__Material for the task__:
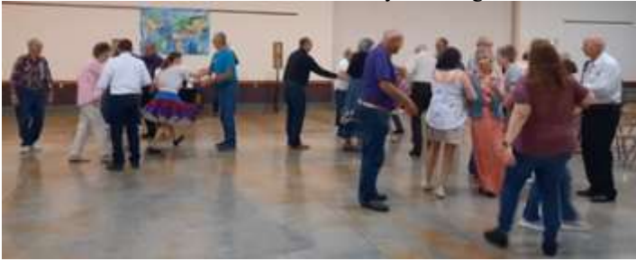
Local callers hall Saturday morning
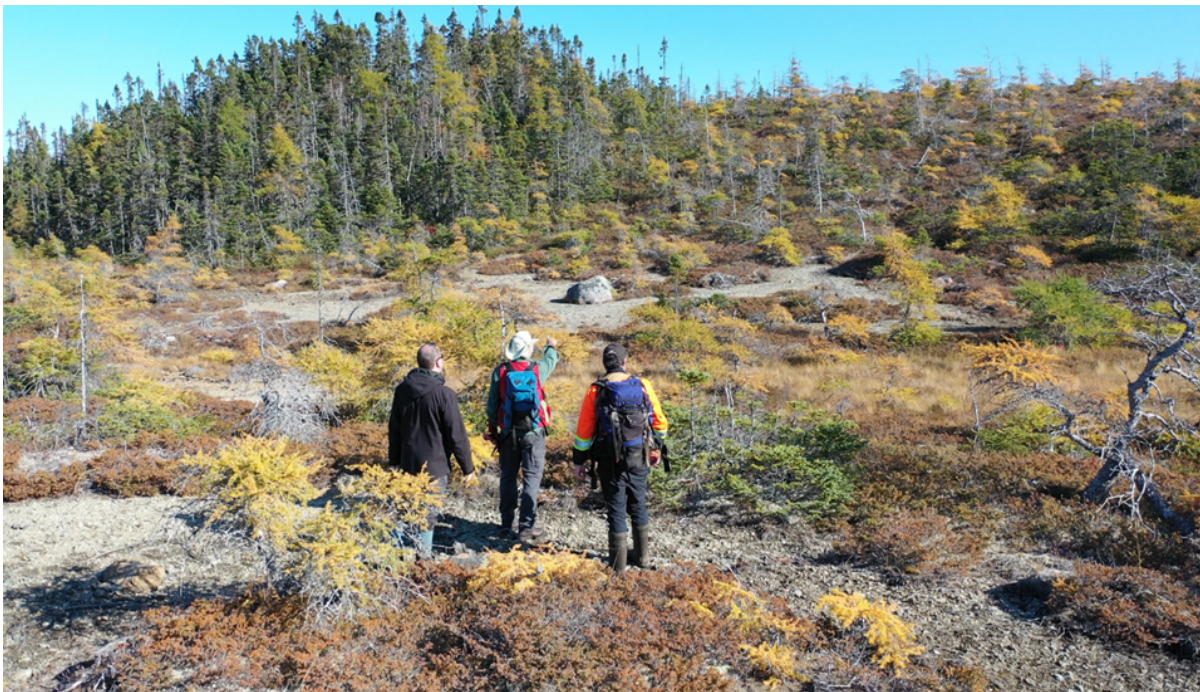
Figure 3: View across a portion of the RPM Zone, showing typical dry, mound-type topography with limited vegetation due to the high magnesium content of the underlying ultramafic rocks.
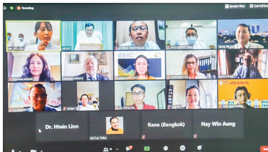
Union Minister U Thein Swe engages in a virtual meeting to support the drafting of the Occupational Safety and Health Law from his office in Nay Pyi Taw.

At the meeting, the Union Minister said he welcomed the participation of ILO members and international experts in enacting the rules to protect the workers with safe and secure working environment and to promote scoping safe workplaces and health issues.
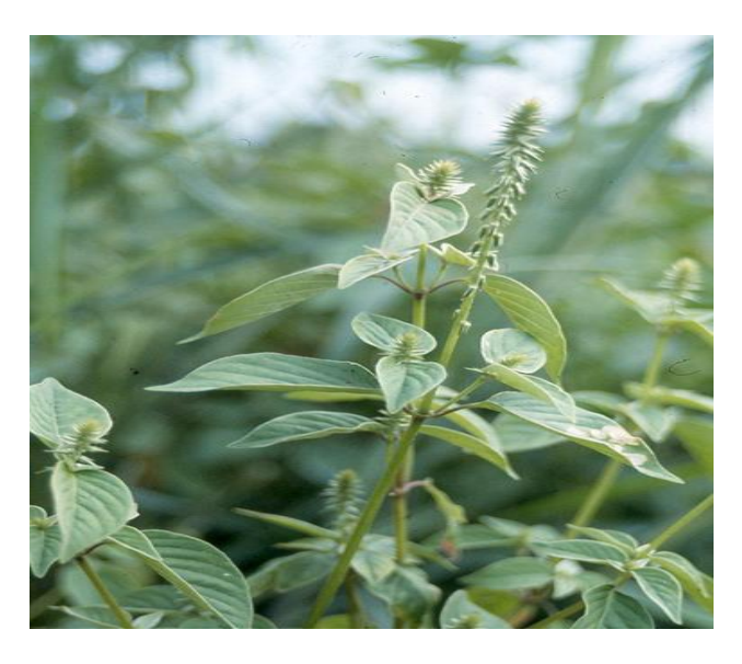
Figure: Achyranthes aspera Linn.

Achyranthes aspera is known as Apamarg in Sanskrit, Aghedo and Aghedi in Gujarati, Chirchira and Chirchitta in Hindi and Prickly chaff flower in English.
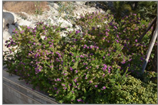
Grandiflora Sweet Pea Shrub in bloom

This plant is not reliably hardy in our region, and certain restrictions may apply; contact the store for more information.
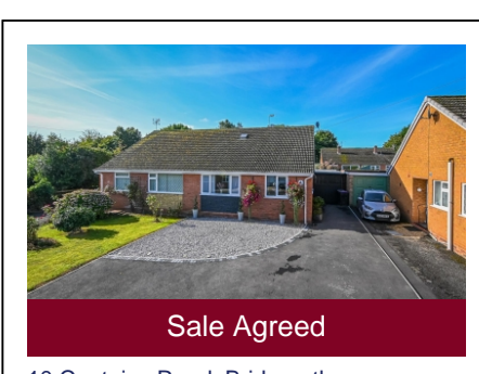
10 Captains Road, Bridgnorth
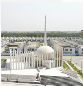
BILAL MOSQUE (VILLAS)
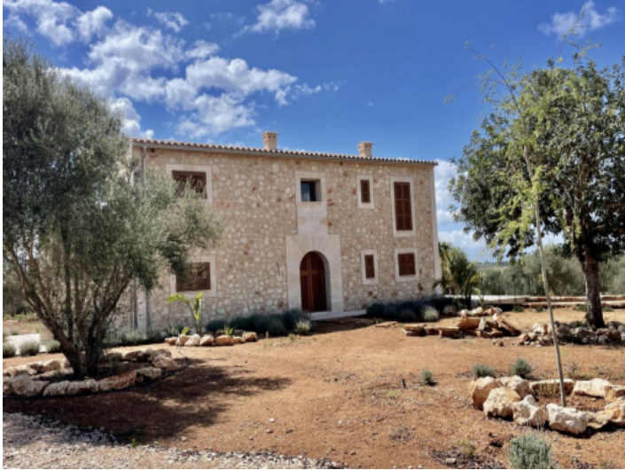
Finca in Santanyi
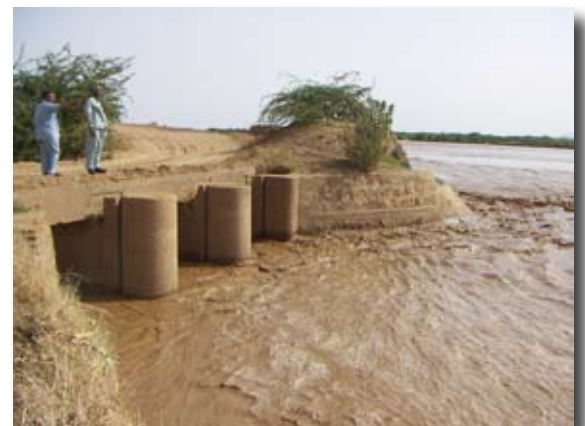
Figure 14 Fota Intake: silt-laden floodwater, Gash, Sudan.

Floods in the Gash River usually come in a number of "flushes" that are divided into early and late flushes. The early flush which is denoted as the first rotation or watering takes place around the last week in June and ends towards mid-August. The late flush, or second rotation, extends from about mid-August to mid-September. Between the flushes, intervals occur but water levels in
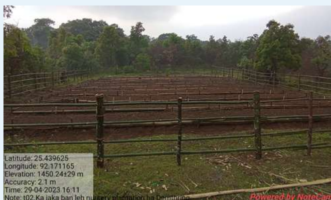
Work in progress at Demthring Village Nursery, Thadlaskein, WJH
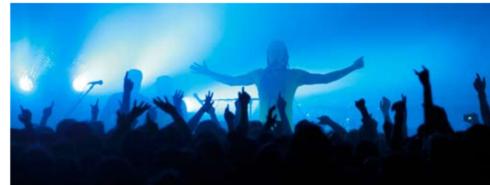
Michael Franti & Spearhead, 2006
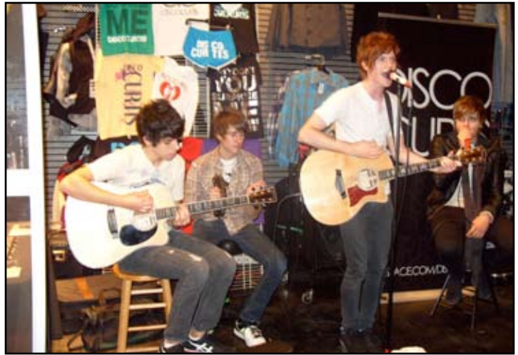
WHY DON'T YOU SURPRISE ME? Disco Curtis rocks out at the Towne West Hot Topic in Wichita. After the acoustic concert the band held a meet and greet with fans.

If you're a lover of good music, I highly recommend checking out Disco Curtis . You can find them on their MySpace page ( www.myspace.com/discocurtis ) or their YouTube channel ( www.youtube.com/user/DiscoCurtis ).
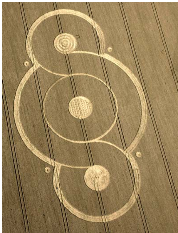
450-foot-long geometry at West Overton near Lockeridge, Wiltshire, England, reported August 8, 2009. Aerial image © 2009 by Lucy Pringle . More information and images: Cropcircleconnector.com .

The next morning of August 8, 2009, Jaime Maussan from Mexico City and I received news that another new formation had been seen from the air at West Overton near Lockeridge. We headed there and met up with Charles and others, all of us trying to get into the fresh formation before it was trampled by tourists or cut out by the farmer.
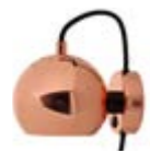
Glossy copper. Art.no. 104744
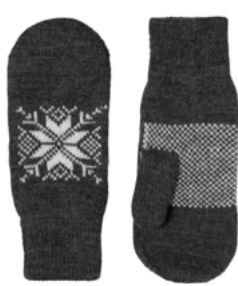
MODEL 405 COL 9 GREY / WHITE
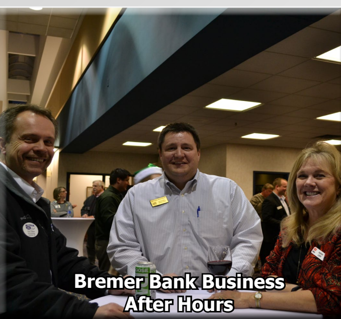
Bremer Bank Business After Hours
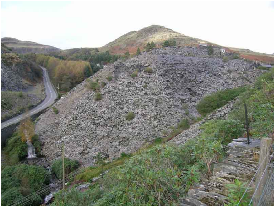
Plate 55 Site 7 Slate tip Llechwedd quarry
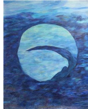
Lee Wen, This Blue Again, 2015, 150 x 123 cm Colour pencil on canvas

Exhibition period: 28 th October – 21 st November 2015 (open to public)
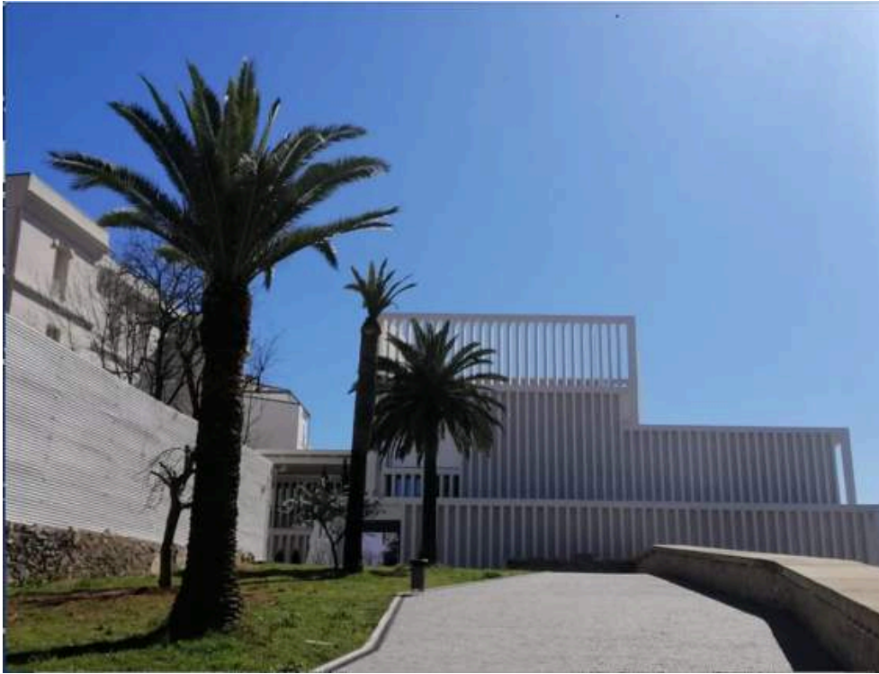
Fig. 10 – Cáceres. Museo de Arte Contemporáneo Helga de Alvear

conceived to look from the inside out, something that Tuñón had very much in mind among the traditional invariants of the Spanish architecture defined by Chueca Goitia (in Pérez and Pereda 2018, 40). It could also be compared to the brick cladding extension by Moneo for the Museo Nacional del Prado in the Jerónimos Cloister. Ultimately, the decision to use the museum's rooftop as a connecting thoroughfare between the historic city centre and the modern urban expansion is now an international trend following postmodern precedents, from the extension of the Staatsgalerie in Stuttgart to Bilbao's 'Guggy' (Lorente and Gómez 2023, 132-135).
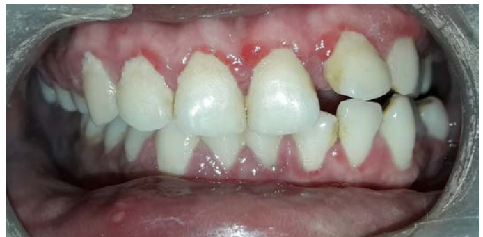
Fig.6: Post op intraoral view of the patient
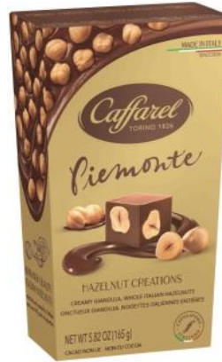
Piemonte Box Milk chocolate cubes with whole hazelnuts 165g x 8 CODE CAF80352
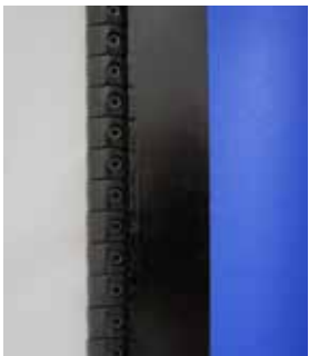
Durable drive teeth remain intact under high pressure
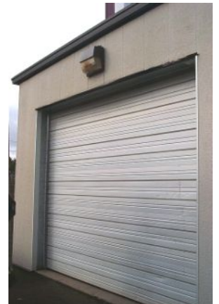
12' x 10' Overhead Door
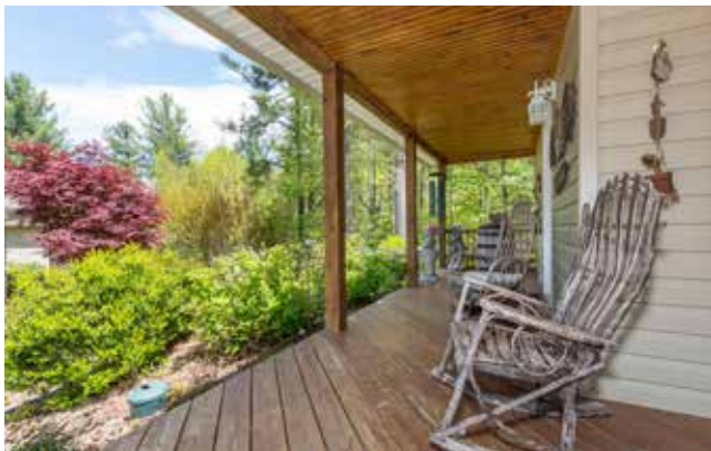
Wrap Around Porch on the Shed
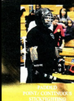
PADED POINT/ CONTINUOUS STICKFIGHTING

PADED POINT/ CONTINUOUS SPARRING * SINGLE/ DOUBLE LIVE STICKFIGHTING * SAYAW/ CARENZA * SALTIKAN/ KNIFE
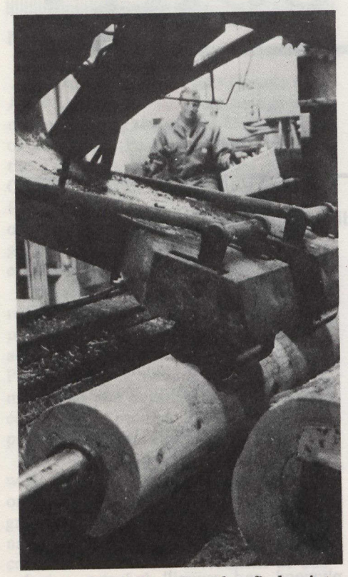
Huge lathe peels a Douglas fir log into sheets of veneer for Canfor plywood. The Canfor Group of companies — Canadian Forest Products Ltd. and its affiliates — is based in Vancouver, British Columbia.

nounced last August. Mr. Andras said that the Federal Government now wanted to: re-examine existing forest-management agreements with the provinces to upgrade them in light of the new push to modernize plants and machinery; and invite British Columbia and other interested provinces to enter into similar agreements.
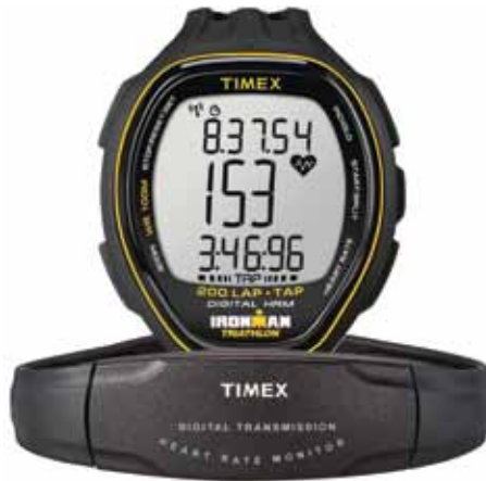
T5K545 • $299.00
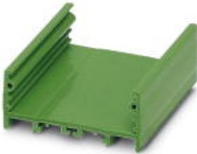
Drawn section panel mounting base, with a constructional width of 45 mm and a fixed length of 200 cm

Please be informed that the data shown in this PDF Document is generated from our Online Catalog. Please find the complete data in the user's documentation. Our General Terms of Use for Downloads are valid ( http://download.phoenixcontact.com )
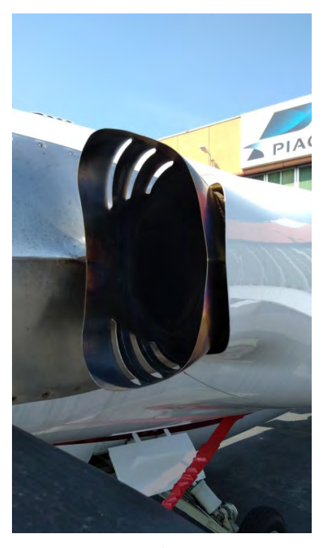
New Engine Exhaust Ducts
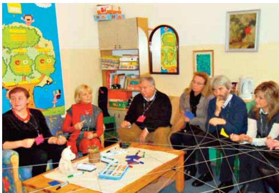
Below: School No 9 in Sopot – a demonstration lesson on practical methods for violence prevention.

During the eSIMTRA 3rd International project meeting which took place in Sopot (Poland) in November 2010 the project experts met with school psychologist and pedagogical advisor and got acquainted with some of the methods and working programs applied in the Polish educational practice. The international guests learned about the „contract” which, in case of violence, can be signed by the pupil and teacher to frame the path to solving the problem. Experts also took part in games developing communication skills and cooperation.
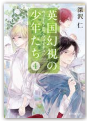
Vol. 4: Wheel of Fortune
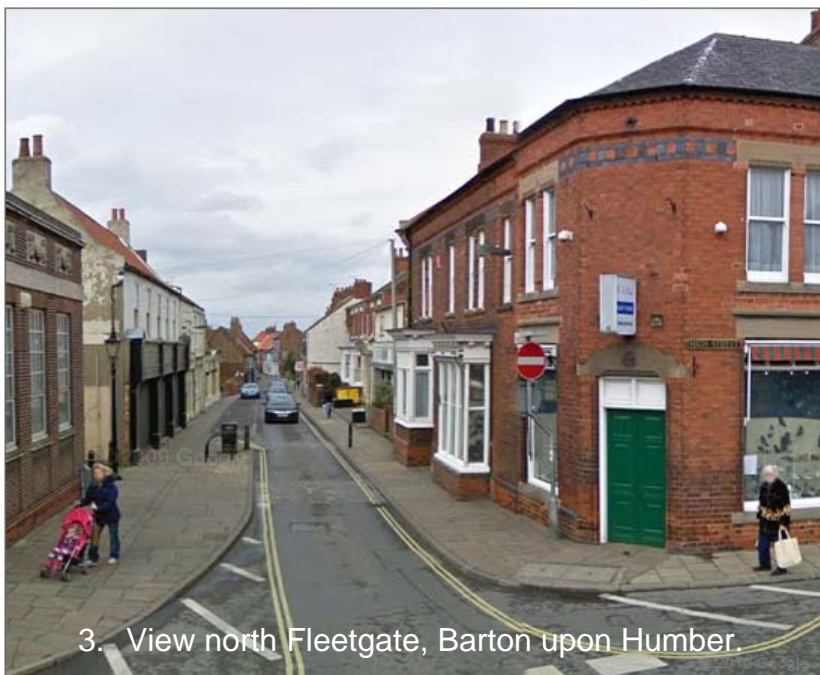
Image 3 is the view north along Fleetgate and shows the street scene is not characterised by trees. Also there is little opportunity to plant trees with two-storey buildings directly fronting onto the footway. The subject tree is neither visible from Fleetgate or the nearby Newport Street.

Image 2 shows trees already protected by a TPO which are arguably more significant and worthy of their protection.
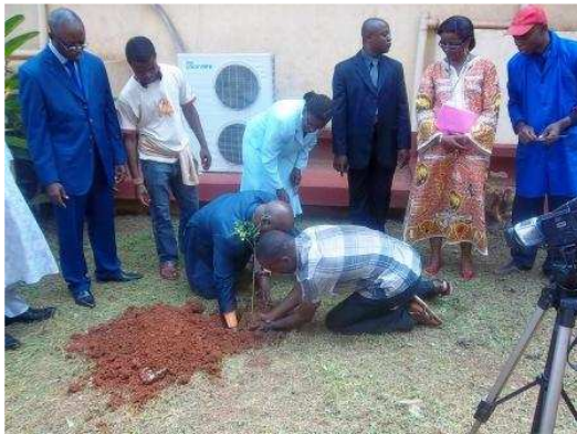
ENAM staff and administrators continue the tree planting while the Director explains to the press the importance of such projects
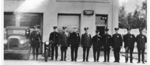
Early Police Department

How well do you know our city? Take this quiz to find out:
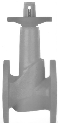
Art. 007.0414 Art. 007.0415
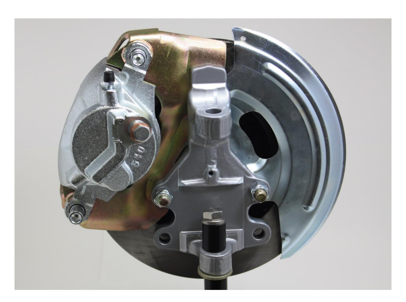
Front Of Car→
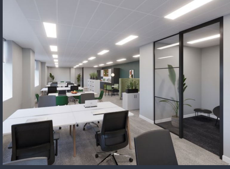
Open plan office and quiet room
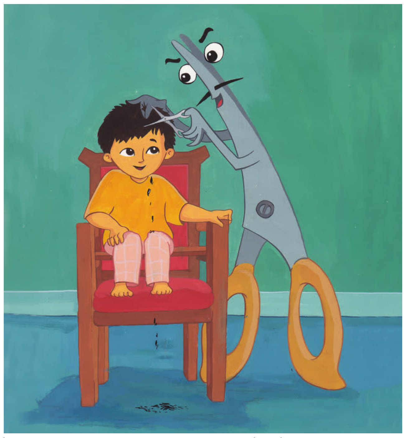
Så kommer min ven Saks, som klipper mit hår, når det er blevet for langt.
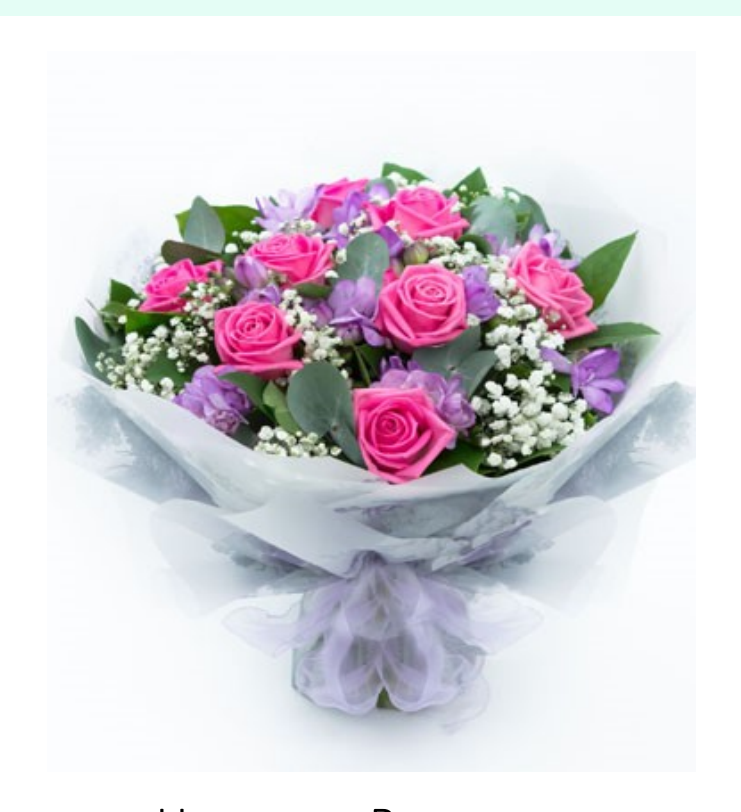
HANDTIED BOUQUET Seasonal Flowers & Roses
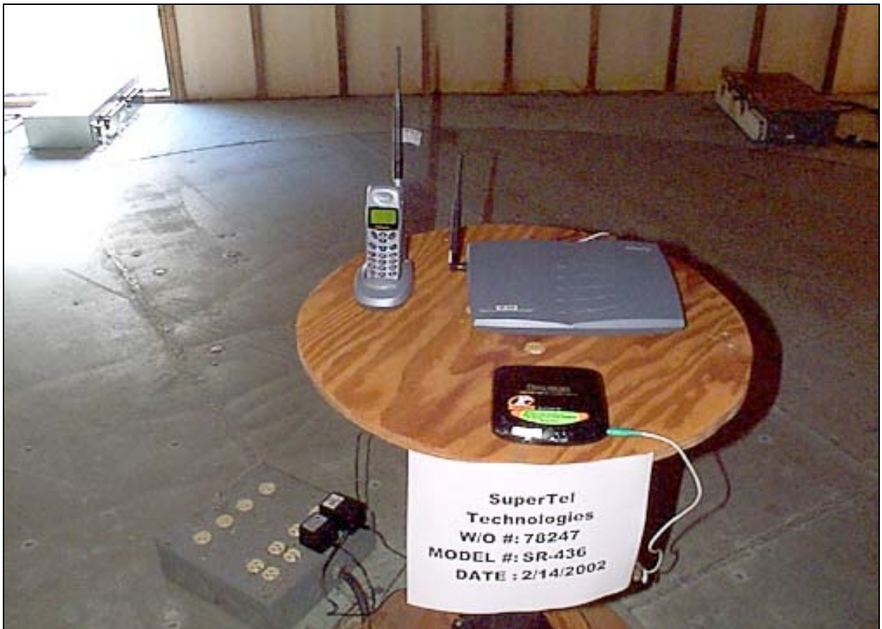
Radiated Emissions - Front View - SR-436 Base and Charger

__Task description__: Return only the part above that opens with the line containing "Fig. 10 – Cáceres." and closes with the line containing "PADED POINT/ CONTINUOUS STICKFIGHTING", exactly and with both ends, skipping the pictures.

__Problem solution__:
Fig. 10 – Cáceres. Museo de Arte Contemporáneo Helga de Alvear

conceived to look from the inside out, something that Tuñón had very much in mind among the traditional invariants of the Spanish architecture defined by Chueca Goitia (in Pérez and Pereda 2018, 40). It could also be compared to the brick cladding extension by Moneo for the Museo Nacional del Prado in the Jerónimos Cloister. Ultimately, the decision to use the museum's rooftop as a connecting thoroughfare between the historic city centre and the modern urban expansion is now an international trend following postmodern precedents, from the extension of the Staatsgalerie in Stuttgart to Bilbao's 'Guggy' (Lorente and Gómez 2023, 132-135).
Fig.6: Post op intraoral view of the patient
Piemonte Box Milk chocolate cubes with whole hazelnuts 165g x 8 CODE CAF80352
Durable drive teeth remain intact under high pressure
12' x 10' Overhead Door
Wrap Around Porch on the Shed
PADED POINT/ CONTINUOUS STICKFIGHTING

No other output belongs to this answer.